The moon of the nights is not the moon
Whom the first Adam saw. The long centuries
Of human vigil have filled her
With ancient lament. Look at her. She is your mirror.
Jorge Luis Borges (translated by Willis Barnstone), in Jorge Luis Borges, Selected Poems (edited by Alexander Coleman) (Viking 1999).
I suppose that the poem violates John Ruskin's strictures about the use of the pathetic fallacy in poetry (although I'm not certain he was consistent in his thinking on the matter). Personally, as much as I admire Ruskin, I don't see the pathetic fallacy as such a bad thing. If Borges perceives the moon as being filled with "ancient lament," I don't see why not. It makes perfect sense to me.
Winifred Nicholson, "The Hunter's Moon" (1955)
I am also quite willing to accept the silent friendship of the moon, even if she is filled with ancient lament.
The Limit
The silent friendship of the moon
(I misquote Virgil) has kept you company
since that one night or evening
now lost in time, when your restless
eyes first made her out for always
in a patio or a garden since gone to dust.
For always? I know that someday someone
will find a way of telling you this truth:
"You'll never see the moon aglow again.
You've now attained the limit set for you
by destiny. No use opening every window
throughout the world. Too late. You'll never find her."

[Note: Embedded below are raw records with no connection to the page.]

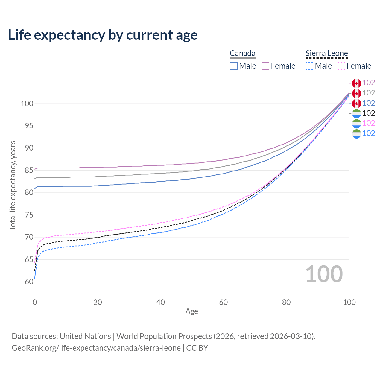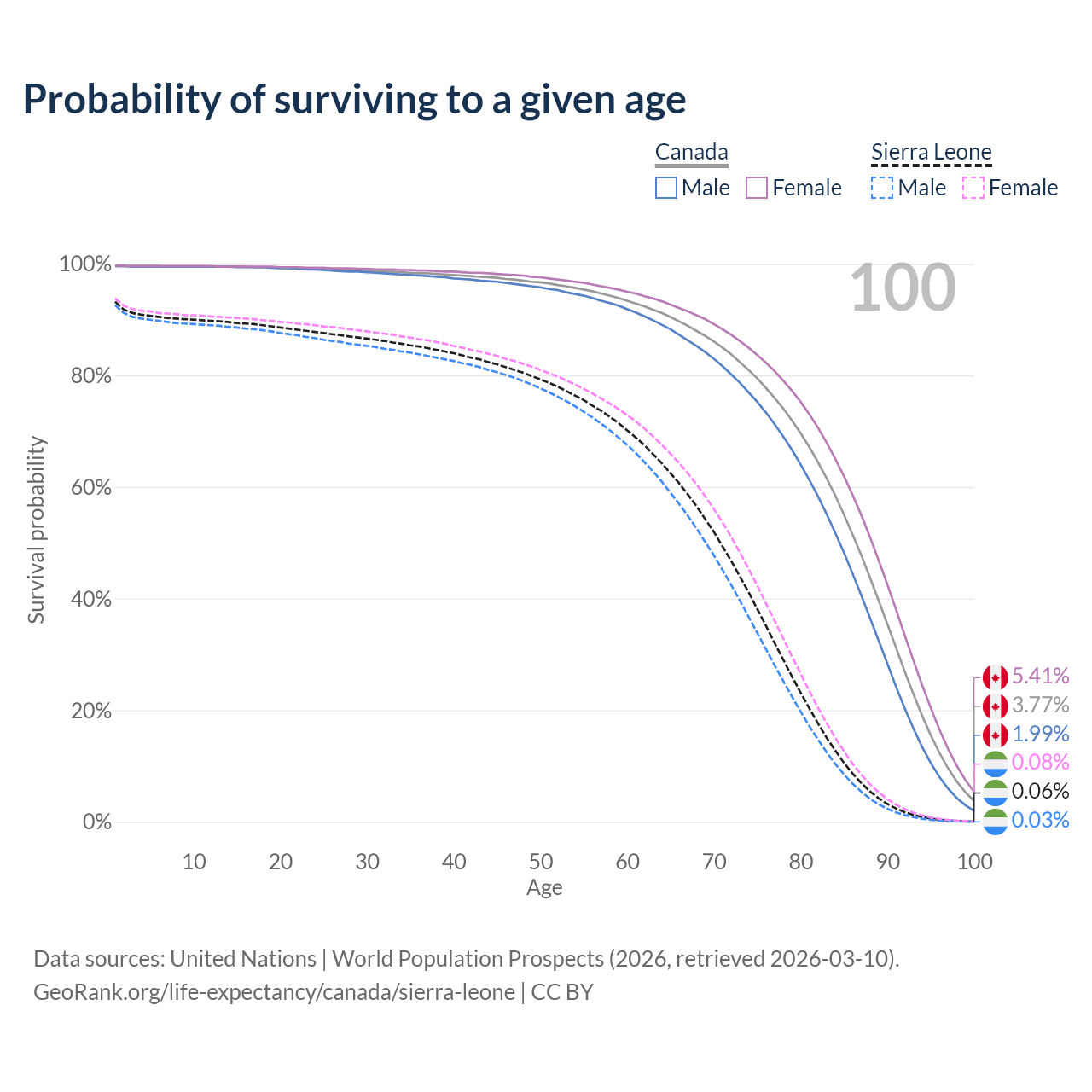 This life expectancy calculator shows the odds of living to 100, 95, 90, and below based on current age for both males and females in Canada and Sierra Leone, along with mean and median age of death. The calculations are based on the 2026 life tables (actuarial tables) from the UN World Population Prospects.
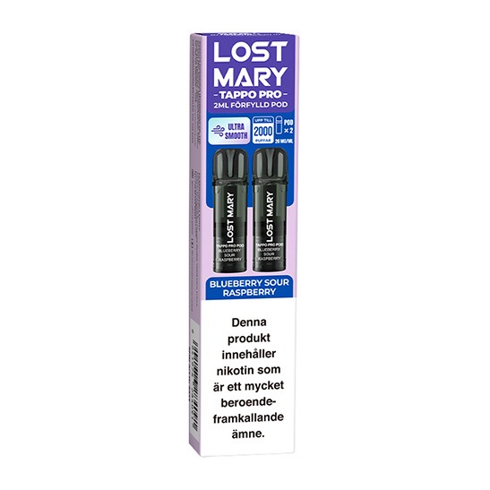 Lost Mary TAPPO PRO Pod x2 Blueberry Sour Raspberry 20mg är en pod till Lost Mary TAPPO-device. Varje förpackning innehåller två förfyllda pods med e-vätska innehållande 20 mg nikotin per milliliter i form av nikotinbensoat. Pods fästs direkt i devicen utan behov av påfyllning eller underhåll.
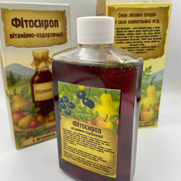 плоди шипшини, плоди чорниці, плоди аронії, плоди глоду, плоди груші лісової, плоди яблука лісового, плоди терену, цукор, аскорбінова кислота, лимонна кислота, вода очищена

Our life is spent discovering and forgetting
that gentle habit of the night.
Take a good look. It could be the last.
Jorge Luis Borges (translated by Alan Trueblood), Ibid.
How nice to see Borges use the word "destiny." A very unmodern word, wouldn't you say? It suggests something beyond ourselves, and thus makes us nervous. Destiny? Fate? Soul? "The vale of Soul-making"? Of what relevance are they when we have Science and Progress at our disposal?
Paul Nash, "The Pyramids in the Sea" (1912)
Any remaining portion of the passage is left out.